React Testing Library Intro - discussion (2023-01-27)
The RTL intro is still the best reset for teams writing tests that mirror component structure instead of intent. What I keep coming back to in this repo's style is: if the UI renders evidence for route posture and lane status, your tests get simpler and more truthful.

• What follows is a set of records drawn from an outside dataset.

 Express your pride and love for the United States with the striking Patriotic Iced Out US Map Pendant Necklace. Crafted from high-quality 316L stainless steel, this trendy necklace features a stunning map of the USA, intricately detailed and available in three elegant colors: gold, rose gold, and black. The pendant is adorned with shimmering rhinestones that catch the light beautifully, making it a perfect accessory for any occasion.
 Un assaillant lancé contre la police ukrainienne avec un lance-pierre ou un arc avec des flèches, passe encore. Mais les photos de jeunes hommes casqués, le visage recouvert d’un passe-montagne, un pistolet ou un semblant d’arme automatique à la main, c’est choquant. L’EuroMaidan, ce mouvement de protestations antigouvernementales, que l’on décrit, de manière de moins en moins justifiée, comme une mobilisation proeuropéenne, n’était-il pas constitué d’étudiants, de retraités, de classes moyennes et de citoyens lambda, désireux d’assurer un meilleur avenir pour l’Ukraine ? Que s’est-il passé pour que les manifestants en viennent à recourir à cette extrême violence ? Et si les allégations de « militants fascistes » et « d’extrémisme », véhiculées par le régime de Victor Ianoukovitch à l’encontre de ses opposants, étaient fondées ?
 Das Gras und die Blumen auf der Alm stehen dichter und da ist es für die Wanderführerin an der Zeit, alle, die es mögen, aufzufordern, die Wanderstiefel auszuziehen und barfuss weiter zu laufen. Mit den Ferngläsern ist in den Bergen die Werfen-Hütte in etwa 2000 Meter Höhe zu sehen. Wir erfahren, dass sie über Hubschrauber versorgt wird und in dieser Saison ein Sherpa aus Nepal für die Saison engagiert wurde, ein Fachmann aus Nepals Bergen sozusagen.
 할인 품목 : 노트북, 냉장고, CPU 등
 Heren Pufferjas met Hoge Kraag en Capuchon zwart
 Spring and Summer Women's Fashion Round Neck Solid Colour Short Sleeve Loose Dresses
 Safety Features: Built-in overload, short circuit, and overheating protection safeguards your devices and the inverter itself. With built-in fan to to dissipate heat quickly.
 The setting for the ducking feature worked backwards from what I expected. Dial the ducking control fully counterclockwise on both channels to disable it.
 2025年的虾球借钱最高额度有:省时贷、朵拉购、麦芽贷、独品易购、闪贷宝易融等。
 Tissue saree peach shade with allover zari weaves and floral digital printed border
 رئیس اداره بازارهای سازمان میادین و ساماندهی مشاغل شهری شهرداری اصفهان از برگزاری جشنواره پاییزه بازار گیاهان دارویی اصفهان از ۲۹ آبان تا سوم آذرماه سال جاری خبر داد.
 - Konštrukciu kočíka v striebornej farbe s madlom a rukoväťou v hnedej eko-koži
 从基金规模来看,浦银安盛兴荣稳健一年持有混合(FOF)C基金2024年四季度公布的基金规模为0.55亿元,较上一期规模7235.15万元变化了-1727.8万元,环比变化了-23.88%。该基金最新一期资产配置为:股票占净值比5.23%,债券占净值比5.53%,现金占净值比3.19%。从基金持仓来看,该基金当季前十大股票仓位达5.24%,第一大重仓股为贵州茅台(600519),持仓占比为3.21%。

Do you treat data-* evidence as part of the public UI contract, or only as a debug surface? How do you avoid brittle waitFor loops when your app uses lots of stored-derived outputs? What do you use as your "source of truth" in tests: roles/text, evidence keys, or a mix?
Comments (18)
Back to latestI treat evidence as a real contract, but only the evidence that explains behavior (lane, posture, selection, identity).
If the evidence line is readable by a human, it's usually stable enough for tests too.
The best test refactor we did was replacing timing assertions with an evidence lane. We render a single "tips lane" attribute on the shell and assert on that:
tsx
render(<Inbox />);
await userEvent.click(screen.getByRole('button', { name: /refresh/i }));
expect(screen.getByTestId('shell')).toHaveAttribute('data-fetch-lane', 'pending');
await screen.findByText(/updated/i);
expect(screen.getByTestId('shell')).toHaveAttribute('data-fetch-lane', 'ok');
And when it fails, our debug log is human-readable:
txt
[tips] lane=fetch pending reason=refresh:click at=1672773960000
[tips] lane=fetch ok reason=fetch:resolve freshnessAt=2023-02-03T06:06ZCounterpoint: if you add evidence purely for tests, it becomes a second UI and starts drifting.
I like evidence that improves support/debugging anyway (a screenshot should explain the app).
Yep. My rule is: if I wouldn't show it behind a debug toggle, it shouldn't exist.
The test just benefits from the same visibility.
We still use findByRole heavily, but the evidence keys remove ambiguity.
Example: a button label doesn't tell you whether you're in hot vs warm render cadence, but the contract does.
Stored-derived makes tests nicer *if* you test the rendered product, not the derived key itself.
Badge text, row ordering, visible selection are good targets; internal hashes are not.
I've had good luck with a tiny debug panel that mirrors evidence keys in text (not just data-*).
RTL can query it like normal content and it stays accessible.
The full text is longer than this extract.